■ What is needed: What is needed is a faithful transcription of all the data below, pictures excluded.

■ Supplied data:
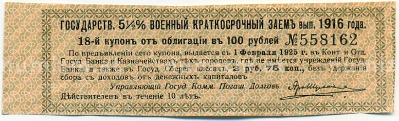 Купон от облигации 100 рублей 1916 года «Государственный военный краткосрочный заем» (Артикул: T11-30325): подробные характеристики, качественные фотографии в высоком разрешении, низкая цена.
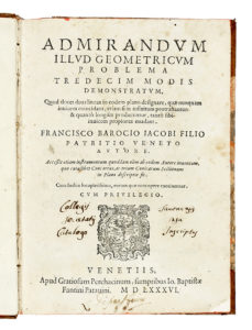 Barozzi Francesco, Admirandum illud geometricum problema tredecim modis demonstratum... Venetiis: Gratiosum Perchacinum, sumptibus Io. Baptistae Fantini Patauini, 1586.
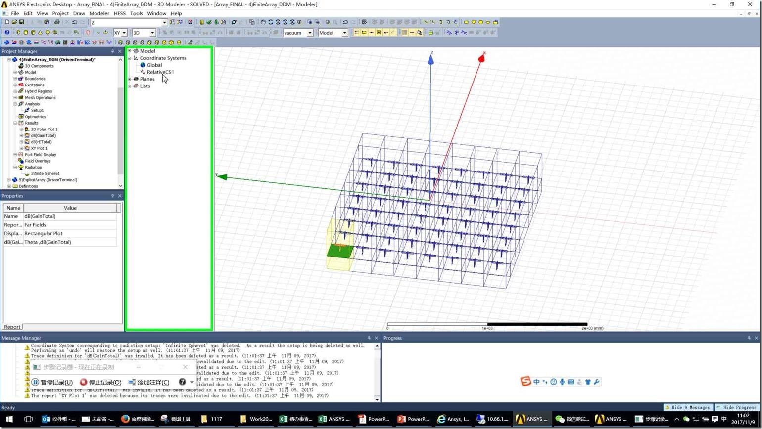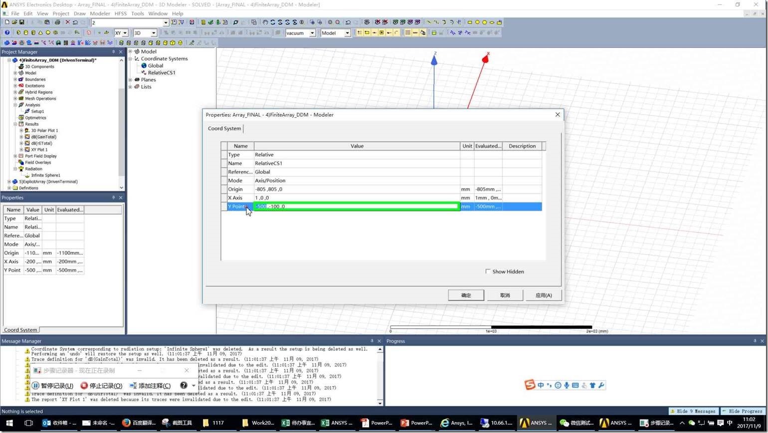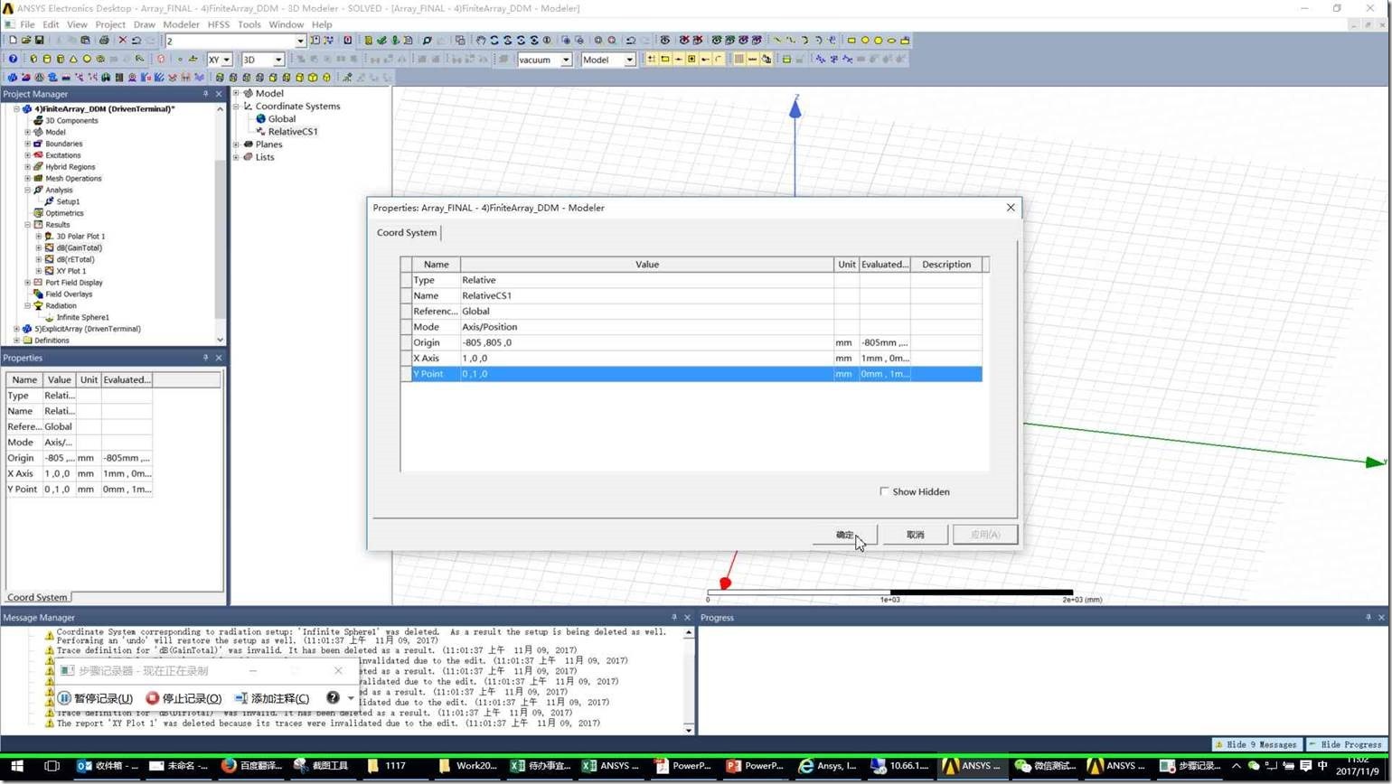 步骤 21: 用户在"Properties (对话框)"上左键双击(在"ANSYS Electronics Desktop - Array_FINAL - 4)FiniteArray_DDM - 3D Modeler - SOLVED - [Array_FINAL - 4)FiniteArray_DDM - Modeler]"中)
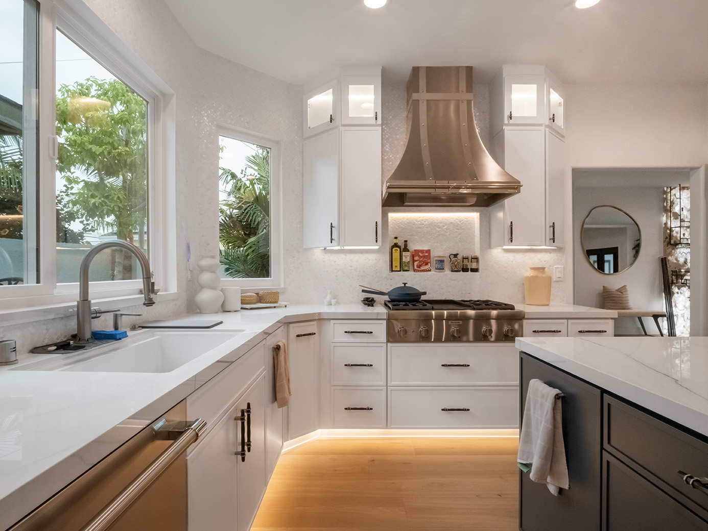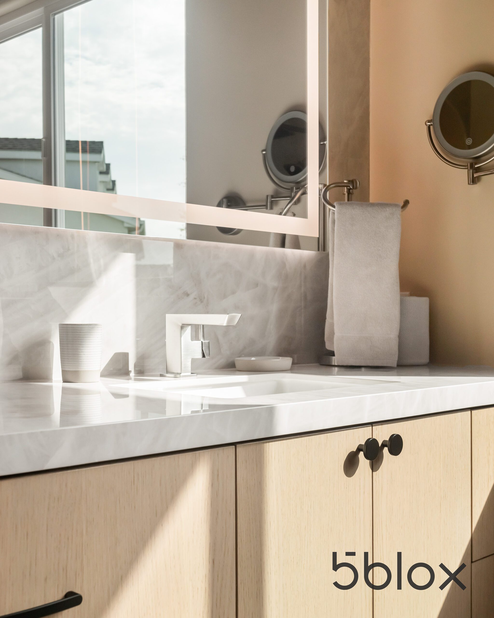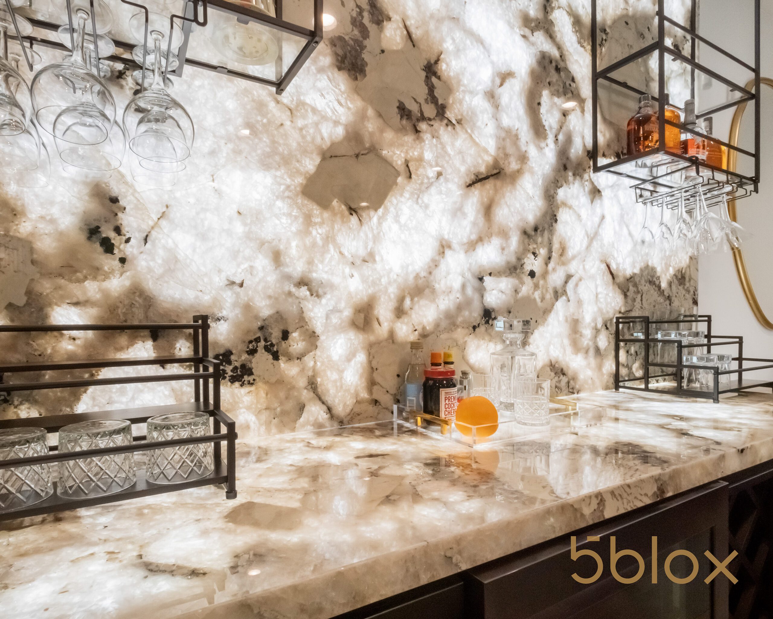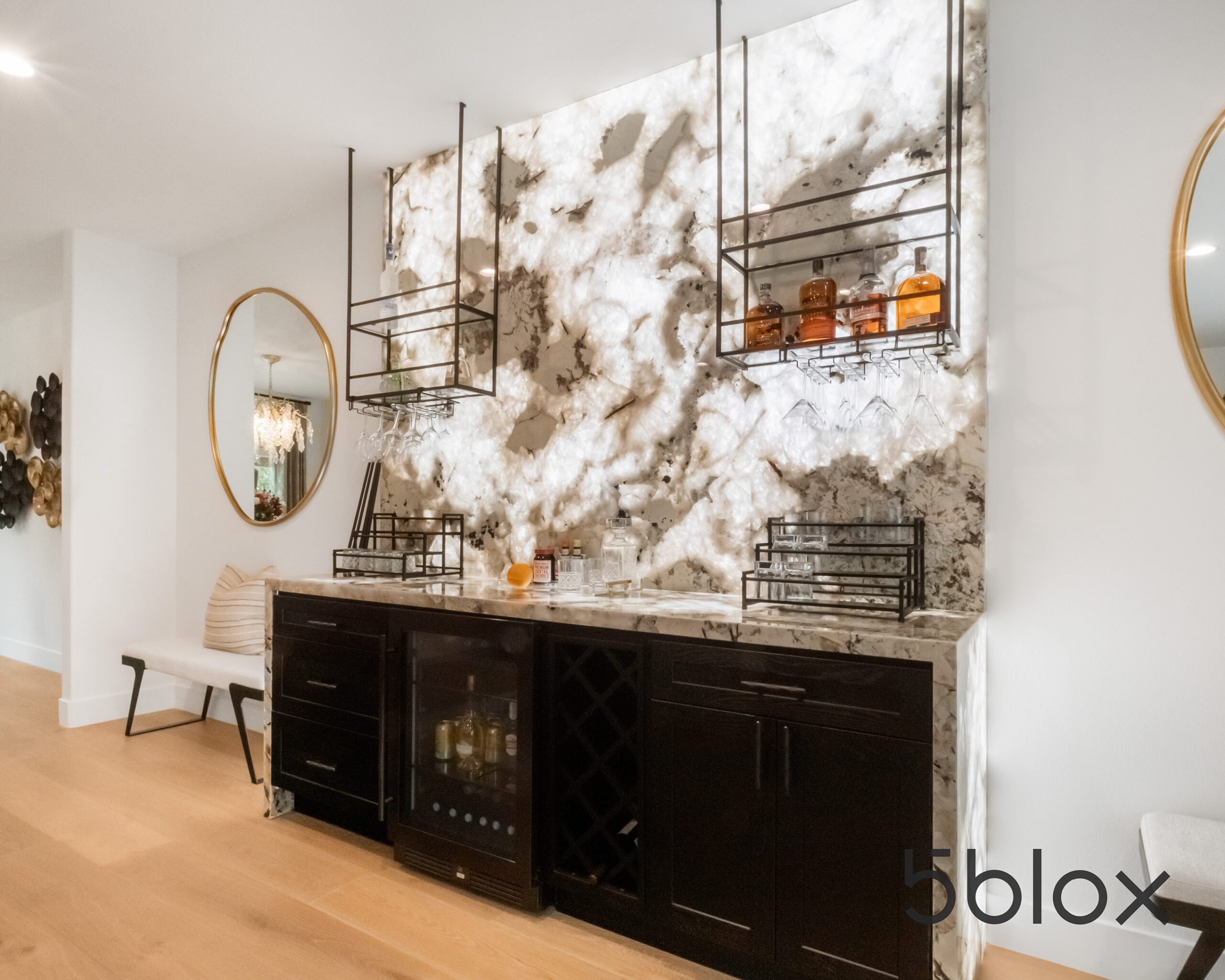 Designed with a cohesive, elevated feel to the entire home by blending natural materials with thoughtful functional upgrades. Across the kitchen, bar, fireplace, and primary bathroom, we introduced organic textures, like natural stone, warm wood tones, and soft, layered tiles to create spaces that feel modern, grounded, and intentionally connected. From the reworked kitchen layout and dramatic backlit Granite bar feature to the refined fireplace design and spa-inspired bathroom, each space enhances the home’s flow, warmth, and everyday comfort while maintaining a clean, contemporary aesthetic.

■ Exercise answer:
 Купон от облигации 100 рублей 1916 года «Государственный военный краткосрочный заем» (Артикул: T11-30325): подробные характеристики, качественные фотографии в высоком разрешении, низкая цена.
 Barozzi Francesco, Admirandum illud geometricum problema tredecim modis demonstratum... Venetiis: Gratiosum Perchacinum, sumptibus Io. Baptistae Fantini Patauini, 1586.
 步骤 21: 用户在"Properties (对话框)"上左键双击(在"ANSYS Electronics Desktop - Array_FINAL - 4)FiniteArray_DDM - 3D Modeler - SOLVED - [Array_FINAL - 4)FiniteArray_DDM - Modeler]"中)
 Designed with a cohesive, elevated feel to the entire home by blending natural materials with thoughtful functional upgrades. Across the kitchen, bar, fireplace, and primary bathroom, we introduced organic textures, like natural stone, warm wood tones, and soft, layered tiles to create spaces that feel modern, grounded, and intentionally connected. From the reworked kitchen layout and dramatic backlit Granite bar feature to the refined fireplace design and spa-inspired bathroom, each space enhances the home’s flow, warmth, and everyday comfort while maintaining a clean, contemporary aesthetic.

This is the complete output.